Philipp Bauknecht (1884, Barcelona - 26 February 1933, Davos) was a German Expressionist painter and graphic artist. Most of his works are landscapes and still-lifes.

== Biography ==
He was born in Barcelona, where his father was working as a watchmaker and goldsmith. In 1893, his family returned to their hometown of Schramberg. He later completed an apprenticeship at the carpentry school in Nürnberg, then attended the State Academy of Fine Arts Stuttgart where he studied with Bernhard Pankok. Upon graduating, he joined the school's staff.
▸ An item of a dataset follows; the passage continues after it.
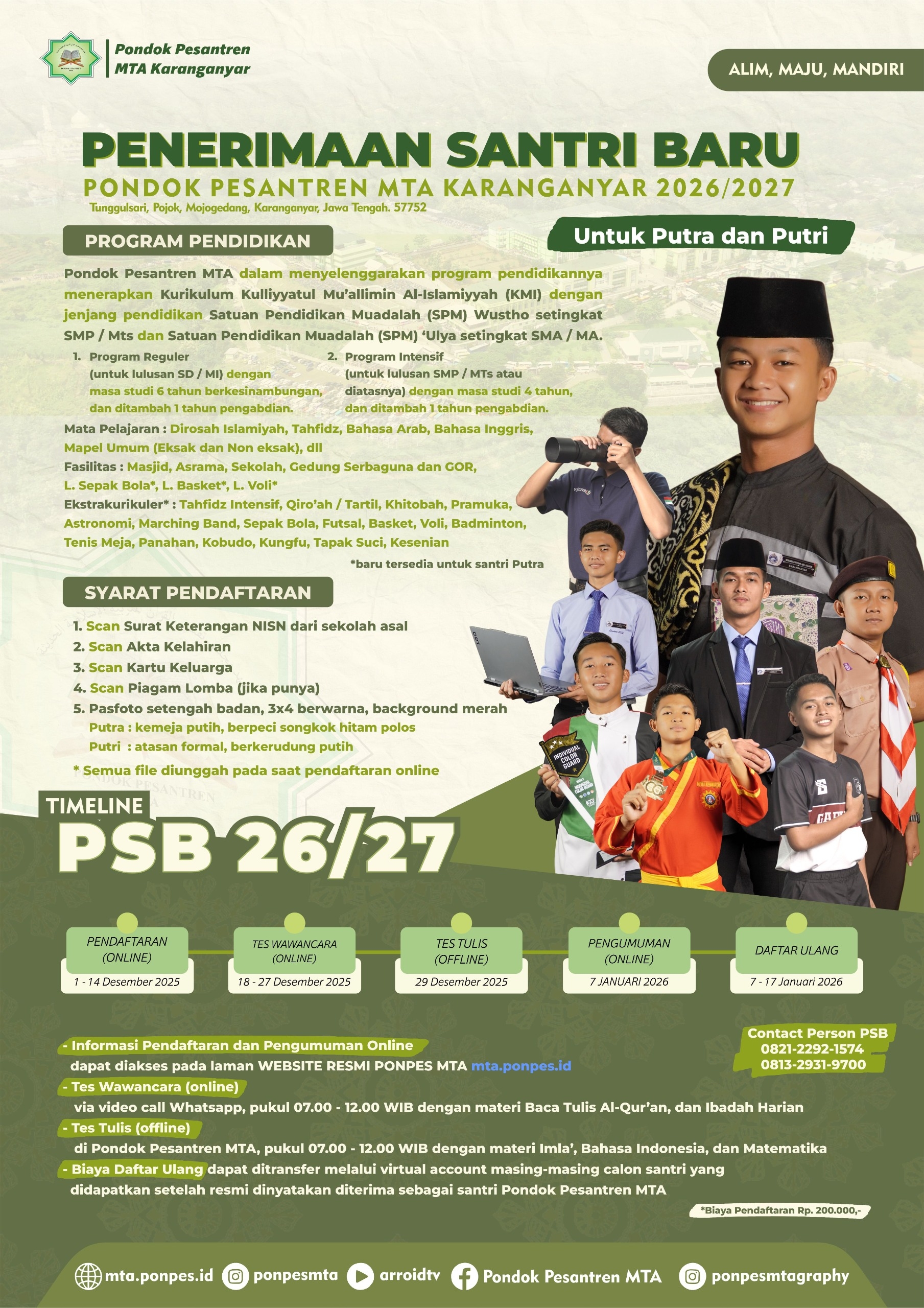 Pondok Pesantren MTA Buka Pendaftaran Santri Baru Tahun Ajaran 2026/2027

Around 1910, he was diagnosed with tuberculosis and moved to Davos, a spa town in Switzerland, where he became friends with the writers Klabund and Erwin Poeschel. The surroundings of the Swiss Alps and his illness inspired him to create works dealing with mountains, landscapes, villages, ice skating, hiking, rural life, illness and death.

Even though his health improved, he refused to return to Germany, as he was opposed to the war. He apparently lived very poorly, in a log cabin, and the proceeds from his first exhibition were seized to pay off debts. During this time, he became severely misanthropic; satirizing the people of Davos and the guests who came there to visit the spa. In 1917, one of those guests was the famous artist, Ernst Ludwig Kirchner. At first, they were friends, but slowly became enemies. Bauknecht accused him of being unable to paint unless he was drunk and rejected the idea that Kirchner had influenced him.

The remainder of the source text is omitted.